FINRA alerts member firms to a rising trend in the fraudulent transfer of customer accounts through the Automated Customer Account Transfer Service (ACATS), an automated system administered by the National Securities Clearing Corporation (NSCC), that facilitates the transfer of customer account assets from one firm to another. 

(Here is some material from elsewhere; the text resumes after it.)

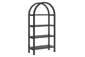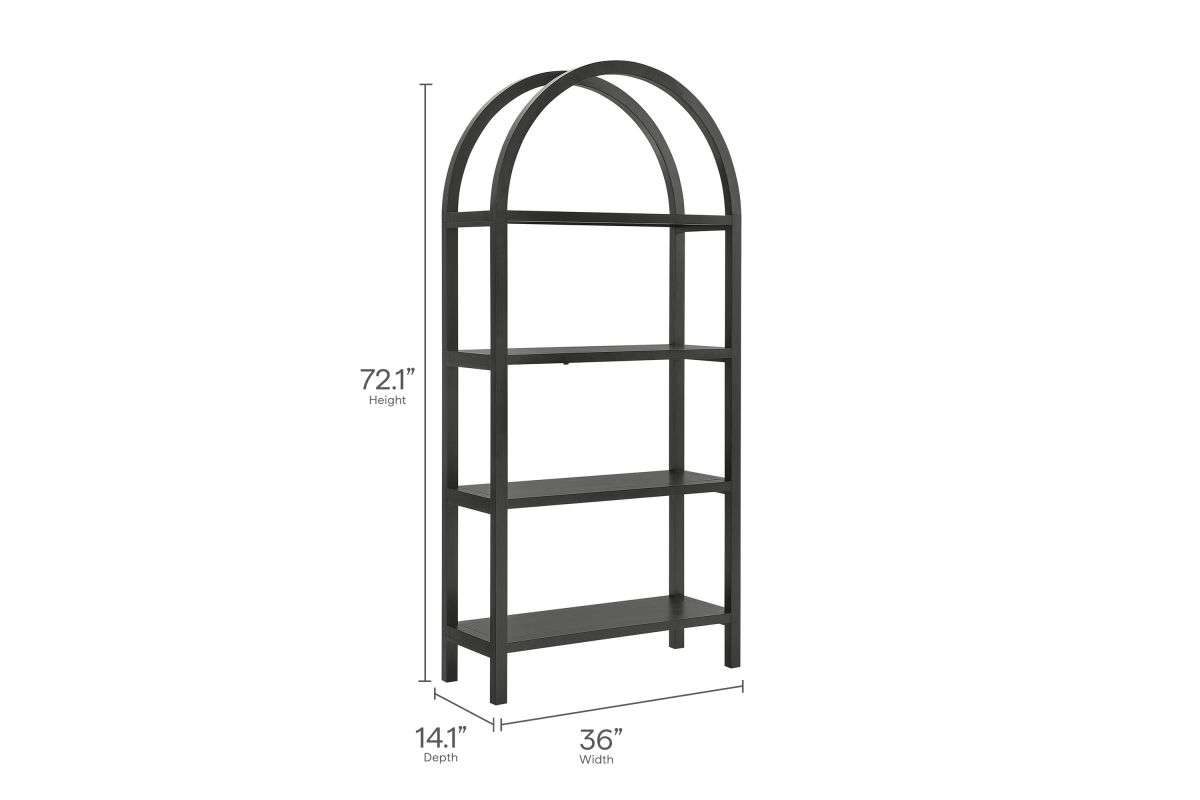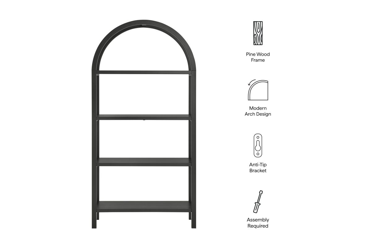 With its sculptural curves and modern take on classic arches, the Vexley Arched Bookshelf brings an artful edge to any space. Ideal for showcasing curated objects, favorite reads, or design-forward accents, this large 72 inch open shelf bookcase plays with negative space and architectural curves, bringing an airy, artful touch to blank walls or creative corners. Built from a pine wood frame and shelves, Vexley offers both strength and style. For added safety, it includes an anti-tip bracket on one of the middle shelves and non-marking glides to protect flooring. A true conversation starter, this arch bookshelf makes a bold statement without visual clutter, blending modern form with effortless display potential. Assembly required. Weight Capacity: 220lbs.

As more fully explained in part on Page 3 of the Notice [Ed: footnotes omitted]:

ACATS fraud is related to the growing threat of new accounts being opened online or through mobile applications using stolen or synthetic identities. In connection with the COVID-19 pandemic, FINRA previously advised member firms that bad actors may be "targeting firms offering online account opening services and perhaps especially, firms that recently started offering such services" by using stolen or synthetic identities to establish new accounts at member firms as a way to "divert congressional stimulus funds, unemployment payments or to engage in automated clearing house (ACH) fraud." Similarly, with ACATS fraud, bad actors may be taking advantage of the efficiencies of the account transfer process offered through ACATS to fraudulently transfer assets out of an existing account of a legitimate customer whose identity is stolen to a new account the bad actor established at another broker-dealer using the stolen identity.